We first prove the convexity property of the stability condition (18b). The stability condition (18b) can be rewritten as follows

		$\displaystyle S(\theta_{q})=\mathbb{M}_{a_{q}}(\theta_{q})\cdot\overline{\mathbb{M}}_{s_{q}}(\theta_{q})$		(C-1)
		$\displaystyle=\mathbb{E}\left[e^{a_{q}\theta_{q}}\right]\cdot\mathbb{E}\left[e^{-\theta_{q}s_{q}}\right]$
		$\displaystyle=\mathbb{E}\left[e^{-\theta_{q}\mathcal{X}_{q}}\!\right]<1,$

where the independent property between $a_{q}$ and $s_{q}$ is utilized, and the variable substitution $\mathcal{X}_{q}=s_{q}-a_{q}$ is exploited. According to the definition of convex functions, we can obtain that $\forall\theta_{q}^{1}\neq\theta_{q}^{2}$ and $\forall 0\leq\varrho\leq 1$ , where $\theta_{q}^{1},\theta_{q}^{2}\in(0,\theta_{q}^{max})$ , the following inequality must hold:

		$\displaystyle\mathbb{E}\left[e^{-\left(\varrho\theta_{q}^{1}+(1-\varrho)\theta_{q}^{2}\right)\mathcal{X}_{q}}\!\right]$		(C-2)
		$\displaystyle\leq\varrho\mathbb{E}\left[e^{-\varrho\theta_{q}^{1}\mathcal{X}_{q}}\right]+(1-\varrho)\mathbb{E}\left[e^{-\varrho\theta_{q}^{2}\mathcal{X}_{q}}\right].$		(C-2)

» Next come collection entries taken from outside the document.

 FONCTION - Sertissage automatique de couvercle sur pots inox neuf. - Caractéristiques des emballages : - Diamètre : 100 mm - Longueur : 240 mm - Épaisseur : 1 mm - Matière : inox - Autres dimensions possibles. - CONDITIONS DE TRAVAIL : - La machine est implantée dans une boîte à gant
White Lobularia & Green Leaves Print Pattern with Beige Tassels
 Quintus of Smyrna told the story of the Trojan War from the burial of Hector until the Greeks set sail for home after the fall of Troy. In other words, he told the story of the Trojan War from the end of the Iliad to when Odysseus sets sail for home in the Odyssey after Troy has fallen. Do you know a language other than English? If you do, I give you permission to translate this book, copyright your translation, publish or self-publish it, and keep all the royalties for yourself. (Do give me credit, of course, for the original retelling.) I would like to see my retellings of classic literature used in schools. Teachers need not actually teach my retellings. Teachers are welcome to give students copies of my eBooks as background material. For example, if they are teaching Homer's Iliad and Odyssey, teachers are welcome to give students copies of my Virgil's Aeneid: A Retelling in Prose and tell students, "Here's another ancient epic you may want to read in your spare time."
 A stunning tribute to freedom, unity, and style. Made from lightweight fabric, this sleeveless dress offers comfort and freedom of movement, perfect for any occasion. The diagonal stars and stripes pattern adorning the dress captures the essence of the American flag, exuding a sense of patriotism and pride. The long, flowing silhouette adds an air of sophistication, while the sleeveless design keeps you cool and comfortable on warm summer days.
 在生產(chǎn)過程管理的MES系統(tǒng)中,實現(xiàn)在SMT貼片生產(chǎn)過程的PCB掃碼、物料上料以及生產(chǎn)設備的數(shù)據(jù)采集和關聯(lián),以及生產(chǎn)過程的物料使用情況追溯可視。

According to Hölder’s inequality, we can derive that

		$\displaystyle\mathbb{E}\left[e^{-\left(\varrho\theta_{q}^{1}+(1-\varrho)\theta_{q}^{2}\right)\mathcal{X}_{q}}\right]=\mathbb{E}\left[\left\|e^{-\varrho\theta_{q}^{1}\mathcal{X}_{q}}\cdot e^{-(1-\varrho)\theta_{q}^{2}\mathcal{X}_{q}}\!\right\|\right]$		(C-3)
		$\displaystyle\leq\left(\mathbb{E}\left[\left\|e^{-(1-\varrho)\theta_{q}^{2}\mathcal{X}_{q}}\right\|^{1/1-\varrho}\right]\right)^{1-\varrho}\cdot\left(\mathbb{E}\left[\left\|e^{-\varrho\theta_{q}^{1}\mathcal{X}_{q}}\!\right\|^{1/\varrho}\right]\right)^{\varrho}$
		$\displaystyle=\left(\mathbb{E}\left[e^{-\theta_{q}^{1}\mathcal{X}_{q}}\right]\right)^{\varrho}\cdot\left(\mathbb{E}\left[e^{-\theta_{q}^{2}\mathcal{X}_{q}}\right]\right)^{1-\varrho}$
		$\displaystyle\overset{(a)}{\leq}\varrho\mathbb{E}\left[e^{-\varrho\theta_{q}^{1}\mathcal{X}_{q}}\right]+(1-\varrho)\mathbb{E}\left[e^{-\varrho\theta_{q}^{2}\mathcal{X}_{q}}\right],$

where the inequality (a) in (C-3) holds due to the fact that

x_{1}^{\varrho}x_{2}^{1-\varrho}\leq\varrho x_{1}+(1-\varrho)x_{2},\forall 0\leq\varrho\leq 1.

(C-4)

As a result, we define the function $f(\varrho)=\varrho x_{1}+(1-\varrho)x_{2}-x_{1}^{\varrho}x_{2}^{1-\varrho}$ . $\forall\varrho\in[0,1]$ and $x_{2},x_{2}<1$ , the second-order derivation $f^{{}^{\prime\prime}}(\varrho)=-x_{1}^{\varrho}x_{2}^{1-\varrho}\left(\log(x_{2})-\log(x_{1})\right)^{2}\leq 0$ . Since $f(0)=f(1)=0$ and $f^{{}^{\prime\prime}}(\varrho)\leq 0$ , it follows that $f(\varrho)$ reaches a local maximum for $\varrho\in[0,1]$ . Thus, $\forall\varrho\in[0,1]$ , $f(\varrho)\geq 0$ and (C-4) holds. Therefore, we show that the stability condition is convex.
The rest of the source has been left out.